As in the preceding picture, the blue '82 has that elongated rear reflector.  As you can see on the bikes in this picture.  Both have the two tone S seat.  The Heavy Duty has painted fenders rather than chrome plated ones.


----------



## ebasnett (Jul 9, 2022)

Whatcha going to do with all those baskets? I’ve got a neighborhood beater I’ve been wanting to throw a basket on.


----------



## HEMI426 (Jul 9, 2022)

What size, I bet I have 25 baskets in a van I use for storage. Every time I bought a bike the first thing I did was remove the baskets, bells, horns etc.


----------



## ebasnett (Jul 10, 2022)

I like that front basket you took off that Typhoon. By the way, that is a great looking bike. I’d buy that thing any day.


----------



## coasterbrakejunkie1969 (Jul 10, 2022)

HEMI426 said:


> What size, I bet I have 25 baskets in a van I use for storage.
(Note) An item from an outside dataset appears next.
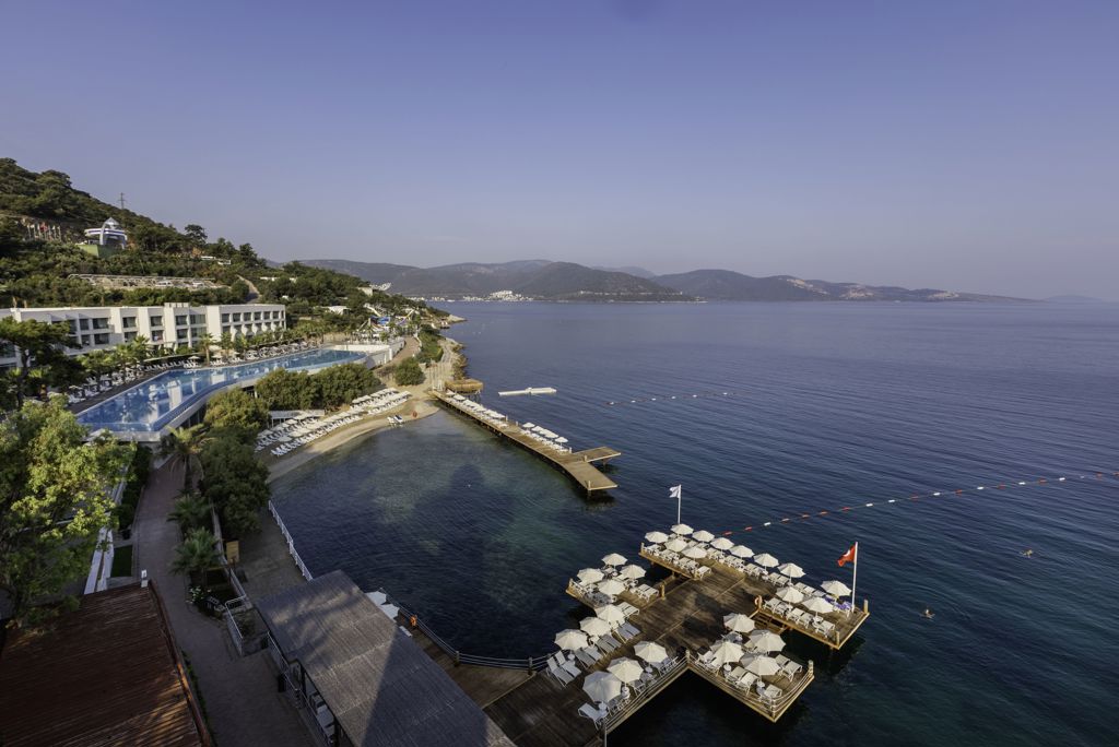 Zomer Wanneer je tussen 01-05-2026 en 30-10-2026 in deze accommodatie verblijft, is onderstaande informatie van toepassing. * Ligging * Gelegen op een heuvel * Gelegen aan het privéstrand * Zandstrand * Kiezelstrand * Ligbedden met matrasjes * Parasol * Centrum van Torba op circa 5 kilometer * Dichtstbijzijnde winkel op circa 10 kilometer * Dichtstbijzijnde restaurant op circa 5 kilometer * Dichtstbijzijnde bar op circa 10 kilometer * Bodrum op circa 10 kilometer * Bushalte op circa 10 meter * Algemeen & faciliteiten * 3 gebouwen * Maximaal 3 verdiepingen * 350 kamers * Receptie * 24 uur per dag * 3 liften * Lift in elk gebouw * Bagageruimte * Wifi in alle openbare ruimtes * 2 winkels * Minimarkt * Wasservice tegen betaling * Doktersservice tegen betaling * op aanvraag * Privé parkeergelegenheid * Restaurants & bars * Buffetrestaurant * 3 à-la-carterestaurants (vooraf reserveren) * Italiaans restaurant tegen bijbetaling * Turks restaurant tegen bijbetaling * Visrestaurant * 6 drinkgelegenheden * Bar * 2 beachbars * Lobbybar * 2 poolbars * Activiteiten & ontspanning * Aerobics * Basketbal * Darts * Fitness * Tafeltennis * Watersporten tegen betaling * Yoga * Spa Center * Binnenzwembad * Open tussen ca. vrijdag 1 mei 2026 en zondag 31 mei 2026 & donderdag 1 oktober 2026 en zaterdag 31 oktober 2026 * Sauna * Hamam behandelingen tegen betaling * Massages tegen betaling * Schoonheidsbehandelingen tegen betaling * Animatie voor volwassenen * 7 keer per week * Shows * 7 keer per week * Livemuziek * 2 keer per week * Zwembaden * 5 buitenzwembaden * Eén van deze zwembaden heeft 4 glijbanen * De glijbanen hebben verschillende openingsperiodes * 2 buitenzwembaden voor kinderen * Zonneterras * Ligbedden met matrasjes * Parasol * Badhanddoekenservice * Kinderfaciliteiten * Mini club (4-12 jaar) * 6 keer per week * Minidisco * Buitenspeeltuin * Babybedje als preferentie toe te voegen in het boekingsformulier * Verzorging * Ultra All Inclusive * Ontbijt in buffetvorm (07.00-10.00 uur) * Laat ontbijt in buffetvorm (10.00-10.30 uur) * Lunch in buffetvorm (12.30-14.00 uur) * Diner in buffetvorm (19.00-21.30 uur) * Dineren in één van de à-la-carterestaurants 1 keer per verblijf bij een verblijf van minimaal 7 nachten * Snacks (12.00-17.00 uur) * Koffie, thee & koekjes (17.00-19.00 uur) * IJs (16.00-17.00 uur) * Middernachtsnack (00.00-02.00 uur) * Selectie geïmporteerde drankjes * Selectie lokale (non-)alcoholische drankjes (24 uur per dag) * Verse vruchtensappen (07.00-10.00 uur) * Tegen betaling: dineren in enkele à-la-carterestaurants, alle consumpties in de discotheek, overige geïmporteerde drankjes en energiedranken * Goed om te weten * Deze accommodatie is niet geschikt voor mensen die slecht ter been zijn * Deze accommodatie heeft veel hoogteverschillen * Duurzaamheidslabel(s): Green KeyHotelkamers * 2-persoonskamer Club DC * Oppervlakte van circa 20 m² * Airconditioning * Kluisje * Televisie * Telefoon tegen betaling * Eet- en drinkfaciliteiten * Koffie- en theefaciliteiten * Minibar * Badkamer inloopdouche, toilet en föhn * Wifi * Geen balkon of terras * 2-persoonskamer Club Zeezicht DCM * Oppervlakte van circa 20 m² * Zeezicht * Airconditioning * Kluisje * Televisie * Telefoon tegen betaling * Eet- en drinkfaciliteiten * Koffie- en theefaciliteiten * Minibar * Badkamer inloopdouche, toilet en föhn * Wifi * Balkon of terras * 2-persoonskamer Deluxe DD * Oppervlakte van circa 40 m² * Zeezicht * Airconditioning * Kluisje * Televisie * Telefoon tegen betaling * Eet- en drinkfaciliteiten * Koffie- en theefaciliteiten * Minibar * Badkamer inloopdouche, toilet, föhn en badslippers * Wifi * Balkon * Familiekamer Club Landzicht FCL * Oppervlakte van circa 35 m² * Tuinzicht * 2 slaapkamers * Airconditioning * Kluisje * Televisie * Telefoon tegen betaling * Eet- en drinkfaciliteiten * Koffie- en theefaciliteiten * Minibar * Badkamer inloopdouche, toilet en föhn * Wifi * Geen balkon of terras * Familiekamer Deluxe Zeezicht FDM * Oppervlakte van circa 55 m² * Zeezicht * 2 slaapkamers * Airconditioning * Kluisje * Televisie * Telefoon tegen betaling * Eet- en drinkfaciliteiten * Koffie- en theefaciliteiten * Minibar * Badkamer douche, toilet, föhn en badslippers * Wifi * Balkon

Every time I bought a bike the first thing I did was remove the baskets, bells, horns etc.



I always pull off baskets as well. Every once in awhile I put one on a bike only to take it back off because it never looks like I want too.


----------



## mickeyc (Jul 10, 2022)

Hope that jet truck wasn't the one that crashed and killed the driver at a recent air show?


----------



## HEMI426 (Jul 10, 2022)

No, it was Bob Motz.


----------